Anyway, if the OS provided MPI libraries work, then we can just use those instead of the conda provided ones

BrianJKoopman commented 5 months ago

Ah, interesting. So I'm building on a "minimal image" provided by the Jupyter Project. It's ultimately based on the ubuntu:22.04 image, and comes with an already setup conda environment. However, that didn't seem to include gcc or g++, because things wouldn't compile without me installing those.

I'm not very familiar with conda, so I was hoping to leverage the existing conda environment and the install script here to have things "just work". Is it unusual that gcc/g++ weren't found in the existing conda environment? Perhaps it's something else I'm doing wrong with the conda environment.

BrianJKoopman commented 5 months ago

For example, at NERSC, we set MPICC to point to the Cray compiler wrapper ("cc") so that mpi4py is using the correct MPI implementation.

This script looks pretty helpful. I suspect actually that in my installation steps I'm not really activating the conda environment. I was trying to follow a suggestion from this blog post to do that, but maybe I'll just put everything in a script like you've linked here.

tskisner commented 5 months ago

Ah, another thing- how are you installing the conda base environment? All of my installs are based on a base/root environment that was installed with the helper script.
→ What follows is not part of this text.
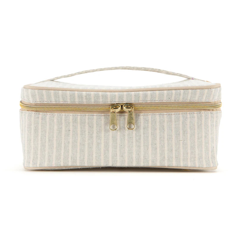 Elegant with a little touch of sparkle! The Essentials Poche is the perfect way to keep all your favourite self-care essentials in one place. Equipped with elegant gold hardware, an easy-to-carry handle, metal feet to avoid wet countertops and a removable insert for easy cleaning and organization, this zippered toiletry bag is the ideal, no-fuss solution for storing products, brushes, accessories and more. It even doubles as a stylish pencil case!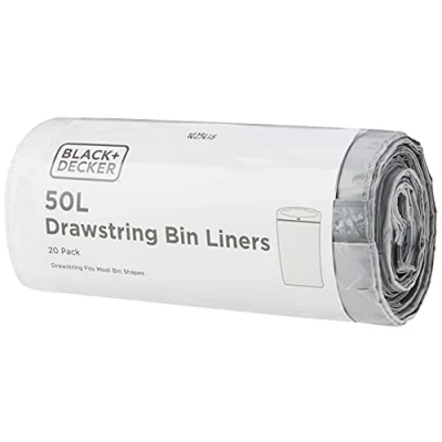 Universal fit – The bin liners fit perfectly with all BLACK+DECKER 50 litre bins (can also be used with other 50 litre models) Strong and durable – the high grade bag thickness prevents rips, tears and spillages Dispenser roll – The bin liners are packaged on an easy to use dispenser roll which makes it easy to remove one bag at a time Strong tie handles – the elasticated drawstring handles make the liners easy to remove, lift, tie and carry once full and reduce the risk of rips, tears and spillages

./tools/bootstrap_base.sh /path/to/base

and then running soconda.sh with -b /path/to/base

tskisner commented 5 months ago

Ah, nevermind I see above that you are using the default anaconda base that comes with the docker image. In that case there might be a challenge if that is not configured to use the conda-forge channel by default. Let me go see what is in that minimal image.

tskisner commented 5 months ago

Ok, looks like quay.io/jupyter/minimal-notebook is indeed using conda-forge for the default channel. In that case you could probably just run these 2 lines to install conda-build to the base environment before running soconda.sh.